A justiça deu um prazo de 48 horas para a prefeitura editar o decreto e vedar o funcionamento das atividades comerciais e industriais não essenciais, sob pena de multa diária de R$5 mil por dia de atraso, de caráter pessoal, ao prefeito Willian Fonseca, até o limite de R$50 mil. O município também deve publicar quais são as atividades essenciais, sob pena de multa de R$10 mil ao gestor municipal.

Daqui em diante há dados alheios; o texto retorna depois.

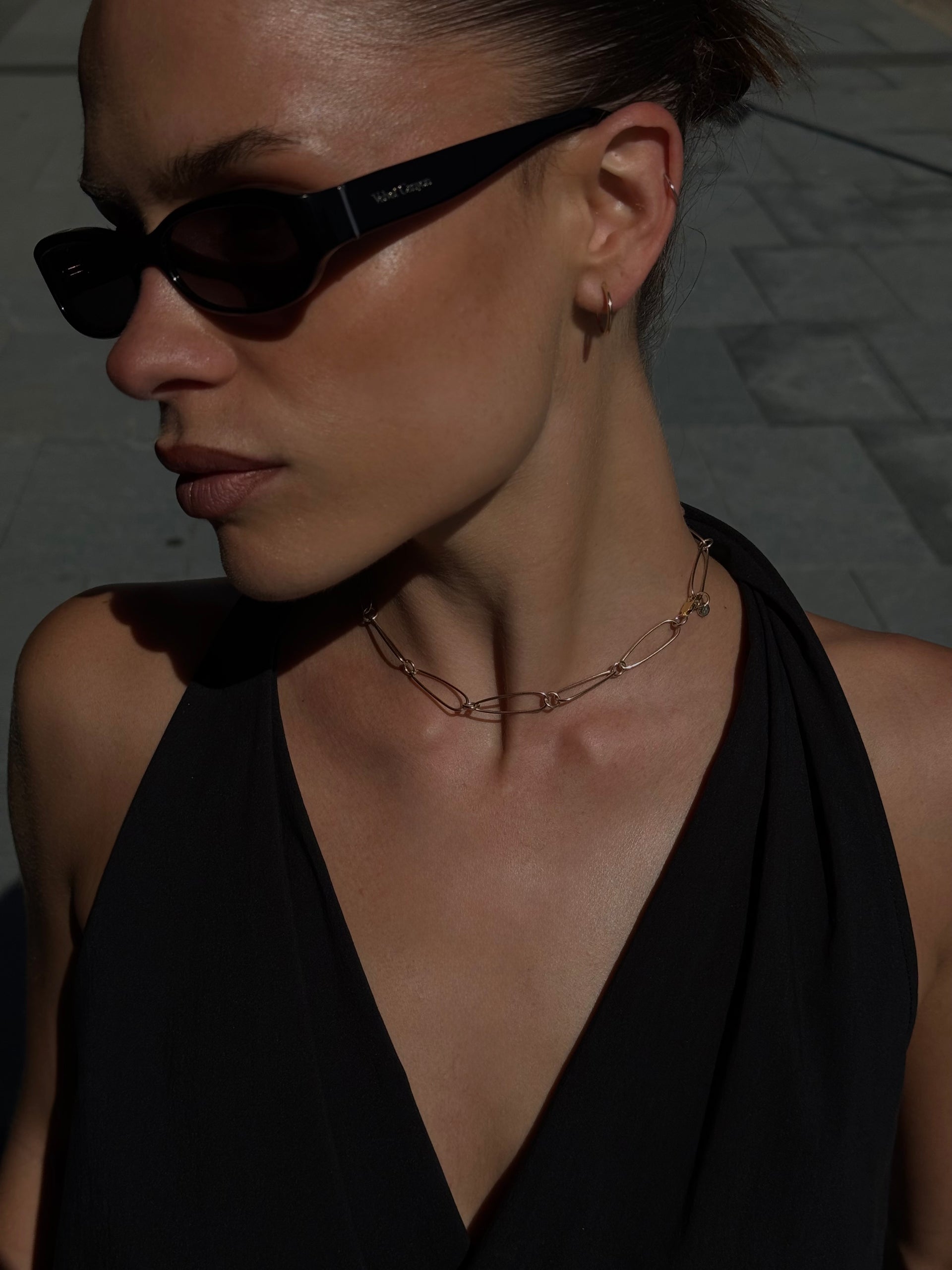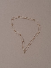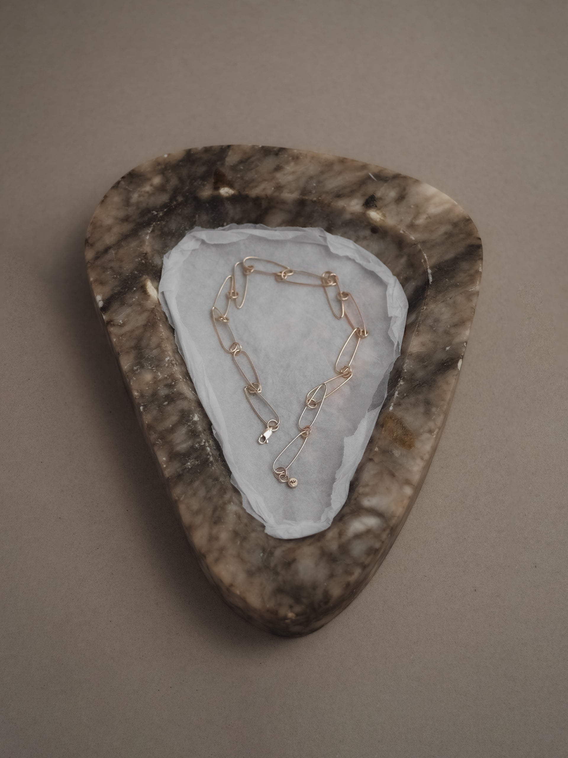 Designed and handcrafted in The Lair Studio, Newcastle, the Namida Micro Chain is a refined, lighter interpretation of our original Namida Necklace. Named after the Japanese word for “tear,” its elongated micro oval links echo the teardrop-like form of the classic design, but rendered in a finer gauge for a more delicate, understated profile. Circular connectors punctuate the chain, enhancing its subtle movement. Sitting at 38cm, it rests neatly at the collarbone - subtle, sculptural, and effortlessly wearable.
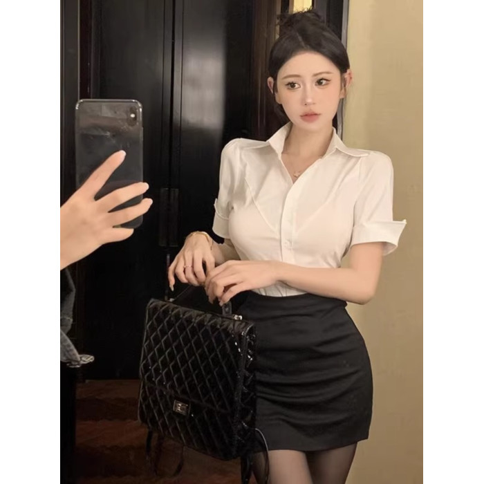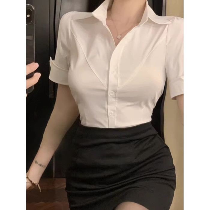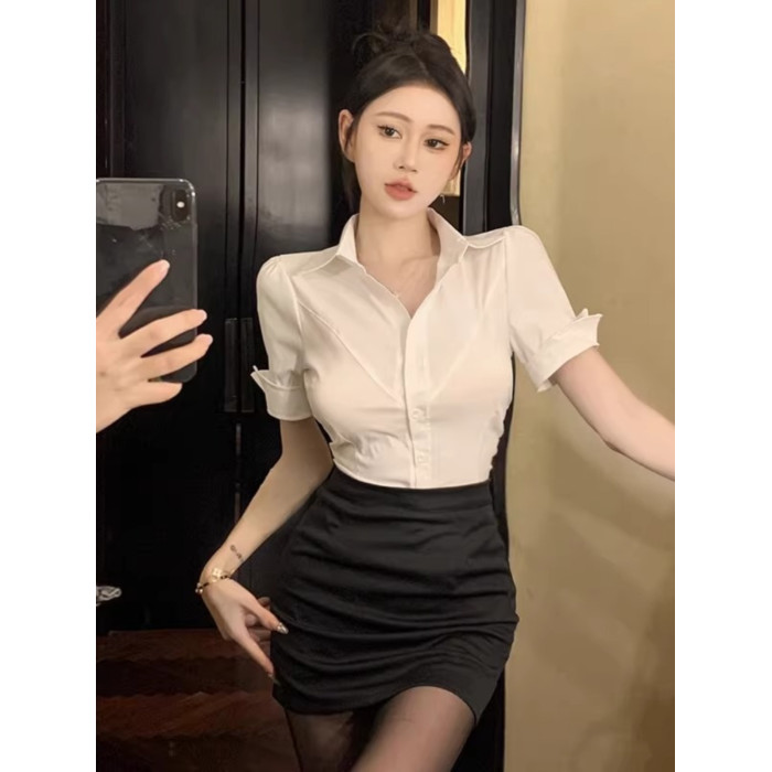 純欲通勤職業收腰白襯衫女夏季修身性感包臀裙足浴技師工作服套裝
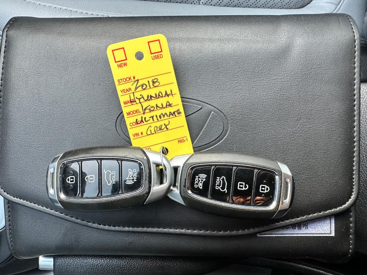 Super-Clean well equipped Hyundai KONA from Lindsay, ON! This Ultimate AWD model looks great in its Grey paint and factory alloy wheels, with fantastic options inside and out! The exterior features keyless entry with proximity keys, a large factory power sunroof, automatic headlights, foglights, colour-matched side mirrors with integrated turn signals, tinted privacy glass, parking sensors, blind spot monitor, lane-keeping assist, roof rack rails, gorgeous factory split spoke alloy wheels with NEW All-Season Tires installed, a sleek rear spoiler, peppy fuel efficient 1.6L 4-cylinder Turbocharged engine and Automatic transmission! The interior is clean and comfortable with heated front leather seating, driver power adjustment and lumbar control, spacious rear seating and cargo area with privacy shade, power door locks, windows and mirrors, heated leather-wrapped steering wheel with audio and cruise controls, easy to read and use gauge cluster, drivers Heads-Up-Display, push-button start, a large central touch screen AM/FM/XM Satellite HD Radio with Bluetooth, Navigation, Apple CarPlay, Android Auto, and Backup Camera, A/C climate control with front and rear window defrost settings, Wireless device charger, USB/AUX/12V accessory ports, multiple drive modes including ECO and Sport mode, hill descent assist, universal garage door opener, and more!
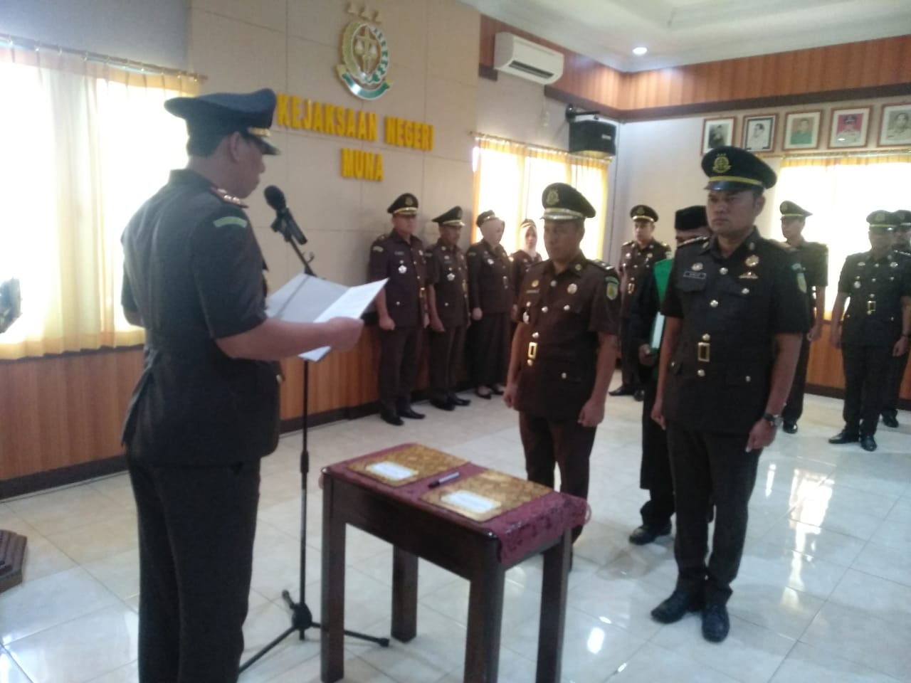 Husni Fahmi Kepala Kejari Muna dalam sambutannya, memberikan apresiasi kepada pejabat lama La Ode Abdul Sofyan atas dedikasinya selama ini sebagai kasi Intel Kejari Muna, bertugas selama 4 tahun.
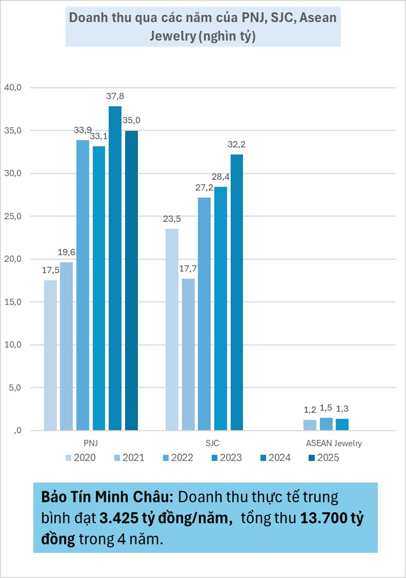 Ở phân khúc quy mô nhỏ hơn, các công ty như ASEAN Jewelry duy trì mức doanh thu ổn định quanh ngưỡng 1.200 đến 1.500 tỷ đồng mỗi năm.
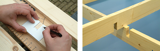 De Lage Zij wordt gebouwd volgens de open bouwmethode. Een sterk frame van houten latten vormt de basis waarop later de rails en het landschap wordt bevestigd. De latten worden ingezaagd op de kruisverbindingen en elke verbinding wordt gelijmd met de sneldrogende PU-Tix.
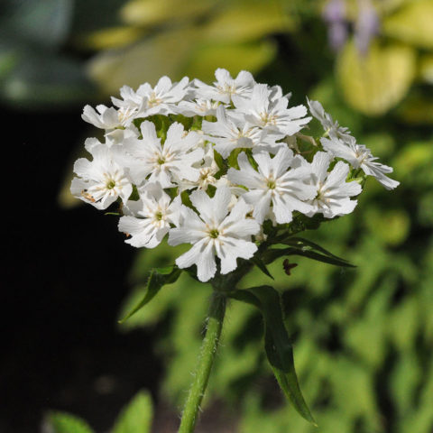 Likhnis Chalcedon Rauraife mit weißen panikförmigen Blütenständen und großen Blüten. Die Pflanze gehört zu einer verkümmerten Form und bildet einen dichten, kompakten Busch mit einer Höhe von 50 cm.
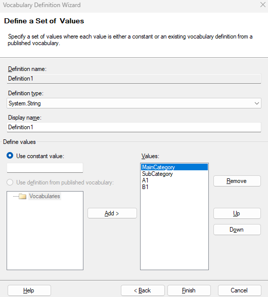 可以创建词汇定义作为常数值、值的范围或值的集合,或者作为 .NET 程序集或 XML 文档中的元素。 可以使用词汇定义向导来创建词汇定义。
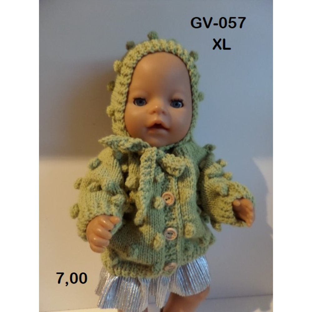 Gebreid vest met nopjes in groen met muts, valt ruim
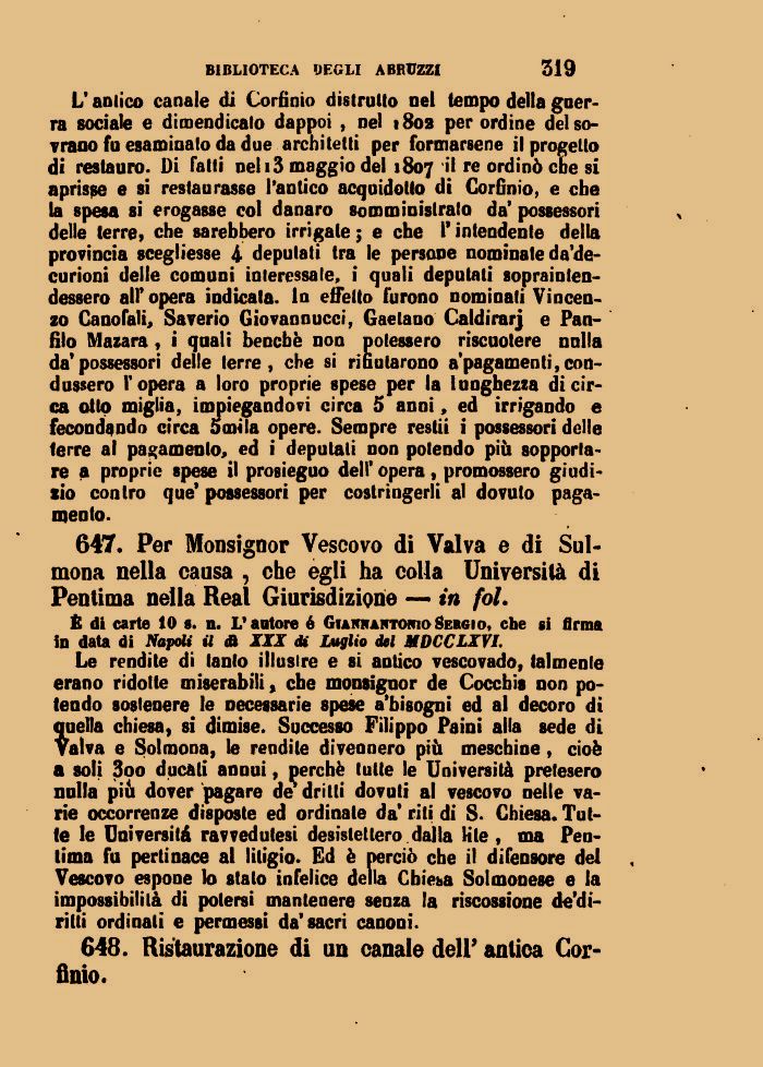 L'amico canale di Corfinio distrutto net tempo della guerra sociale e dimendicalo dappoi , nel 1802 per ordine del sovrano fu esaminalo da due architetti per formarsene il progetto di restauro. Di falli neli3 maggio del 1807 il re ordinò cbe si aprisse e si restaurasse l'antico acquidotto di Corfinio, e cbe la spesa si erogasse col danaro somministralo da' possessori delle terre, che sarebbero irrigate ; e che l'intendente della provincia scegliesse 4- deputali tra le persone nominale da'de-curioni delle comuni interessale, i quali deputati soprainlen-dessero all'opera indicala. In effetto furono nominati Vincenzo Canofali, Saverio Giovannucci, Gaetano Caldirarj e Panfilo Mazara , i quali bencbè non potessero riscuotere nolla da'possessori delle terre, cbe si rifiutarono appagamenti, condussero l'opera a loro proprie spese per la lunghezza di circa otto miglia, impiegandovi circa 5 anni, ed irrigando e fecondando circa 5mila opere. Sempre restii i possessori delle terre al pagamento, ed i deputali non polendo più sopportare a proprie spese il prosieguo dell' opera, promossero giudi-zio contro que' possessori per costrìngerli al dovuto pagamento.
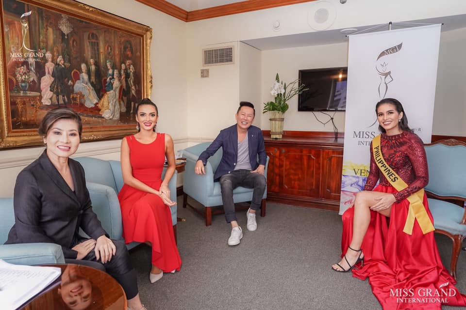 Chấm dứt chuỗi tin đồn Samantha Lo - đại diện của Philippines tại Miss Grand International 2019 bị tước vương miện và không thể đến Venezuela để tham gia cuộc thi do vấn đề làm giả hộ chiếu. Mới đây, cô nàng đã kịp có mặt để tham gia vòng thi phỏng vấn cùng chủ tịch tổ chức Hoa hậu Hòa bình Quốc tế - Nawat Itsaragrisil.
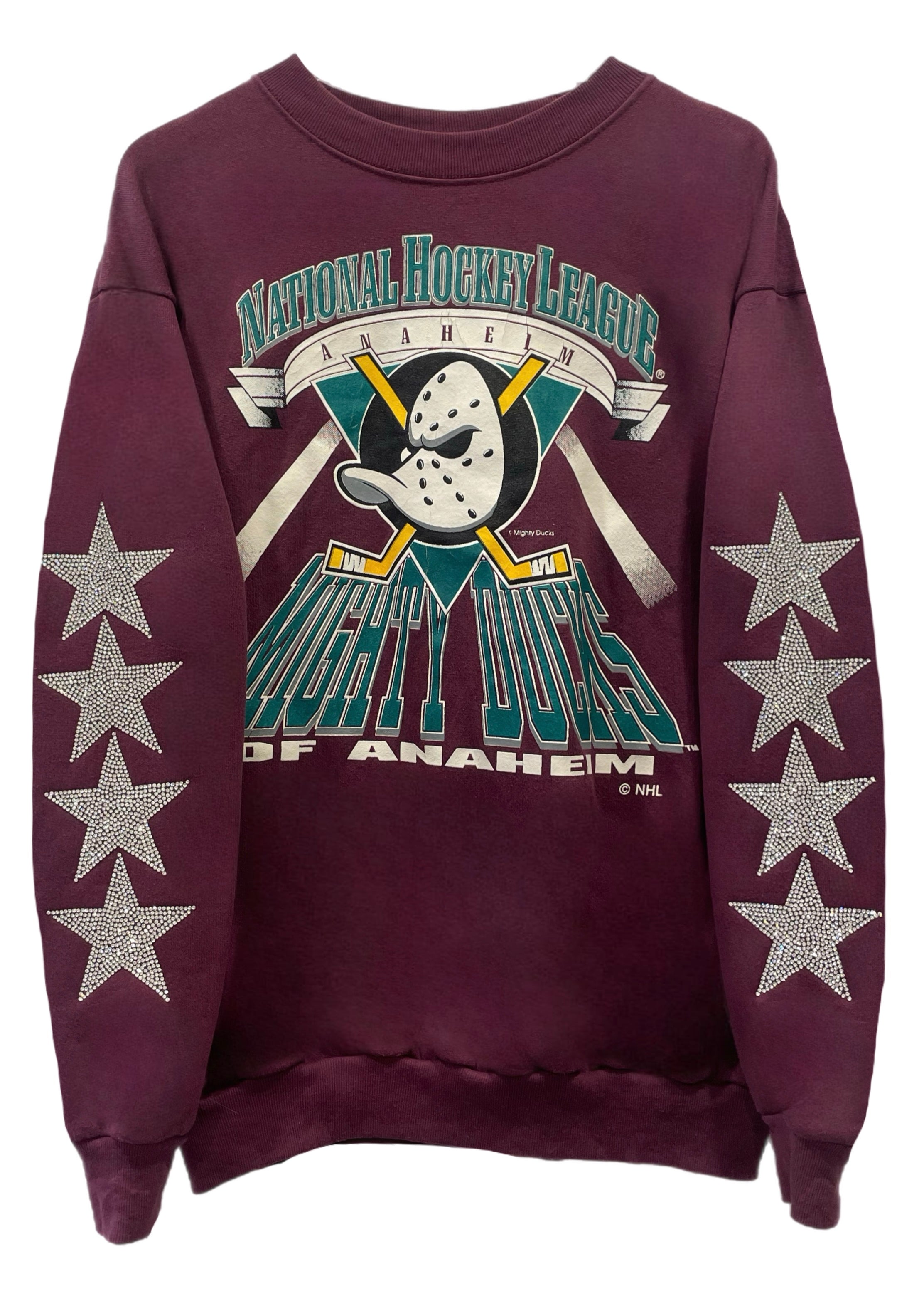 Anaheim Ducks, Hockey One of a KIND Vintage “Mighty Ducks” Sweatshirt with Four Crystal Star Design
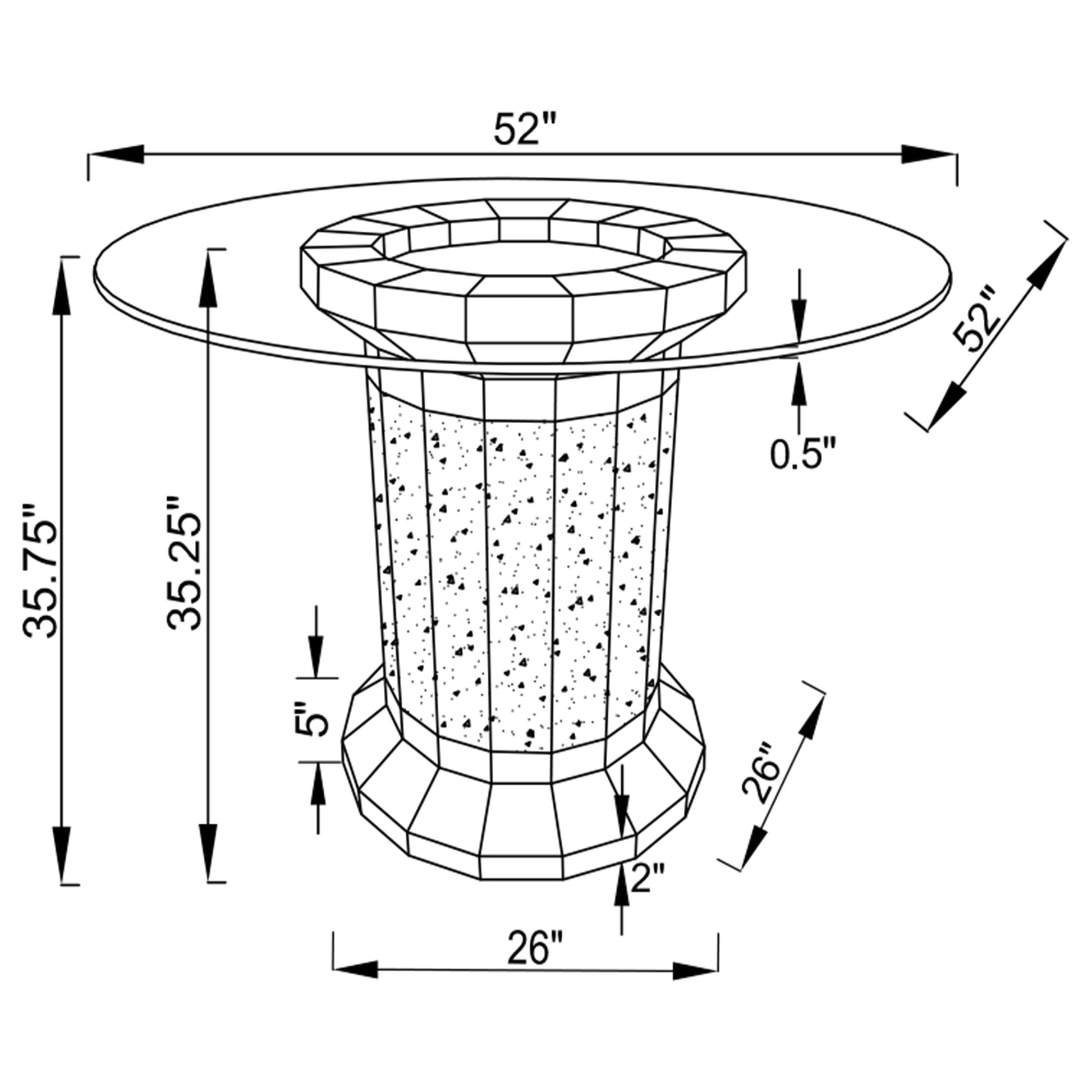 • Round clear glass tabletop and column-like pedestal base offers an open, airy feel
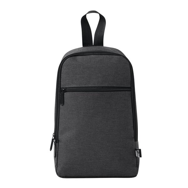 Torba na ramię EDERN. Wykonana jest z poliestru pochodzącego z recyklingu (rPET). Ma główną komorę zapinaną na zamek błyskawiczny z wsuwaną kieszenią, przednią kieszeń zapinaną na zamek błyskawiczny, uchwyt do przenoszenia, wyściełany i regulowany pasek na ramię oraz wyściełany tył.

A Ação Civil Pública foi ajuizada pela promotora de Justiça de Oriximiná, Ione Nakamura, que já havia expedido recomendação ao prefeito para que procedesse a análise epidemiológica do município e apresentasse as razões técnicas para o não cumprimento ao Decreto Estadual. De acordo com o MPPA, a prefeitura respondeu, mas não apresentou nenhum dado técnico.

Notificações

Segundo o MPPA, em Oriximiná, até o dia 2 de fevereiro de 2021 foram registrados 6.878 casos confirmados e 88 óbitos. Oriximiná possui população estimada em 74.016 pessoas e sua rede pública municipal conta com poucas unidades de saúde, apenas um Hospital com leitos clínicos, e um Centro de Atendimento que foi transformado em Centro de Referência para tratar covid-19.

Resposta

A prefeitura de Oriximiná informou, por meio de nota, que vai recorrer da decisão e que encaminhará ao juiz as informações sobre a situação epidemiológica do município, as medidas de prevenção à covid-19 que foram tomadas e as ações futuras.